Однако цель данной реплики — не дискуссия ни по общей концепции, ни по отдельным частным предложенным автором этимологизациям. Это бессмысленно, поскольку порочен сам метод исследования. Поэтому более важным представляется обратиться не к существу этимологизаций Олейниченко, а именно к этому методу, столь характерному для многих антинорманистов. В частности, его активно эксплуатирует Л. Грот. Она выдумала и выпестовала свой собственный чрезвычайно удобный ей норманизм, чтобы долго и плодотворно разделывать его под орех [3]. Но поскольку этот выдуманный Грот фантом не имеет касательства к реальному современному норманизму, тот ничуть не пострадал и с некоторой жалостью взирает на руины своего гротескного (да простит мне Грот нечаянную омонимичность) тёзки-самозванца. Аналогично поступает и Олейниченко. Он выдумывает некий никогда не существовавший в реальности исторический ландшафт, населяет его фантомными действующими персонажами и заставляет их совершать абсурдные, но необходимые для обоснования концепции автора поступки. Далее я буду стараться ловить его за руку на такого рода манипуляциях и раскрывать читателю секреты фокусов.
►♦◄
Начнём с главного. Следуя примеру Грот, Олейниченко выдумывает не только свой собственный норманизм, но и собственных безымянных его адептов, которые якобы дурят всем нам головы какими-то норманнами, то есть скандинавами, шастающими туда-сюда по Днепру от Скандинавии до Византии и подсовывающими Константину Багрянородному свои скандинавские названия днепровских порогов под видом «росских». Этому выдуманному норманизму с мультяшными действующими лицами Олейниченко противопоставляет свой антинорманизм, в котором якобы настоящая русь, конечно же стопроцентно славянская, тоже шатается по Днепру и, не мелочась, впаривает доверчивым ромеям сразу два разных комплекта славянских названий днепровских порогов.

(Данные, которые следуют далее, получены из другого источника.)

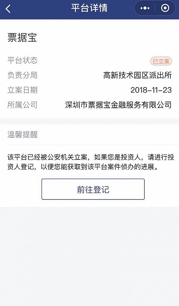 深圳互金平台投资人报案登记系统显示,票据宝平台2018年11月23日已被立案,负责分局为高新技术园区派出所。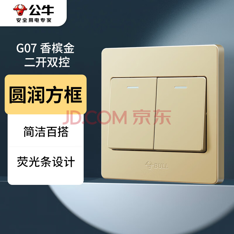 公牛(BULL)墙壁开关 G07系列 二开双控开关 86型面板G07K212C(U6) 香槟金

Выписывая свой фантомный исторический ландшафт, Олейниченко апеллирует к Константину: «…он [Константин] нигде не пишет, что росы не славяне…», умалчивая, что Константин нигде не пишет и противоположного: что русь — это славяне. Хотя, будь это так, столь скрупулёзный автор, как Константин, вряд ли проигнорировал бы столь существенную подробность. Вместо этого он последовательно разделяет русь и славян и невключением руси в перечни славянских племён, и прямым противопоставлением руси её многочисленным пактиотам-склавиниям.
Путаница руси со скандинавами красной нитью проходит через всю статью и подчёркивается риторическими вопросами, риторика которых вряд ли случайна. Олейниченко, как и Грот, апеллирует к эмоциям, а не логике и знаниям. Для сконструированного им вокруг днепровских порогов псевдоисторического мира ответы не только не нужны, но и вредны. Поэтому мы имеем тот случай, когда даже риторические вопросы требуют ответа.

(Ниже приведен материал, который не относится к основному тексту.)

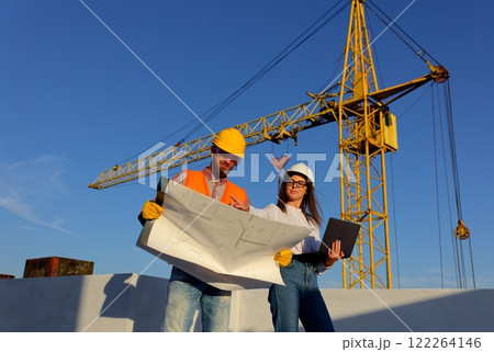Engineer team project planning outdoor survey team, industry factory construction site. teamwork meeting . cooperation workers

Первый такой вопрос: «Почему вдруг скандинавы отдельно сообщали грекам только скандинавские названия порогов, не приводя больше никаких других топонимов и гидронимов?» Прежде чем ответить на этот вопрос, следует отметить его формальную некорректность: на самом деле мы не знаем и не можем знать, что скандинавы (или не скандинавы) сообщали грекам; мы знаем только то, что записал константинопольский чиновник из вероятного сообщения какого-то информатора. Кем был этот информатор, мы тоже не знаем, а скандинавы появляются у Олейниченко как чёртики из табакерки — во всём тексте Константина о каких-либо скандинавах нет ни слова. То есть, здесь мы имеем проявление той самой сознательной путаницы руси со скандинавами. По существу же вопроса на самом деле в своём труде Константин приводит много других топонимов: название области «Внешняя Росия» и целого ряда городов Руси, в том числе двух, Немогард (Νεμογαρδας) и Самбат (Σαμβατας), чьи названия этимологизируются из древнескандинавского [4].

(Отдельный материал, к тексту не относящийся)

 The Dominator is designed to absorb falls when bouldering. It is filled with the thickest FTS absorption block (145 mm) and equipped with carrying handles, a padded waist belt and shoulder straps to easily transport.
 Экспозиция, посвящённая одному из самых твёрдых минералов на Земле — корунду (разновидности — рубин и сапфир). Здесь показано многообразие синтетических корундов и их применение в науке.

Вопрос второй, не менее эмоциональный: «Почему, в конце концов, [всё те же скандинавы – В.Е.] не сообщили, что Русь по-скандинавски называется “Гардарики”?» Ответ на этот вопрос тоже зависит от того, как распутывать путаницу руси со скандинавами. Если речь действительно идёт о скандинавах, то они не могли ничего сообщить византийцам, так как тем не довелось иметь дел со скандинавами во время правления Константина Багрянородного. Первые скандинавы появились в Византии в 980 году, высланные туда из Киева Владимиром Крестителем. Причём расквартировали их не в Константинополе, а в периферийных фемах империи, поскольку Владимир предостерёг императора Василия держать присланных ему буйных варягов подальше от столицы. Первые же сообщения о константинопольской варяжской страже относятся уже к XI веку. То есть о скандинавах в Византии узнали много позже появления труда Константина. Если же речь в вопросе идёт о руси, то общавшаяся с подданными Константина Багрянородного русь тоже не могла что-либо сообщить им о какой-то Гардарики, так как ничего не знала и не могла знать о таковой. Это название возникло в XII веке и было зафиксировано в исландских сагах, то есть на самом деле через двести лет и за тысячи километров от «Внешней Росии» Багрянородного.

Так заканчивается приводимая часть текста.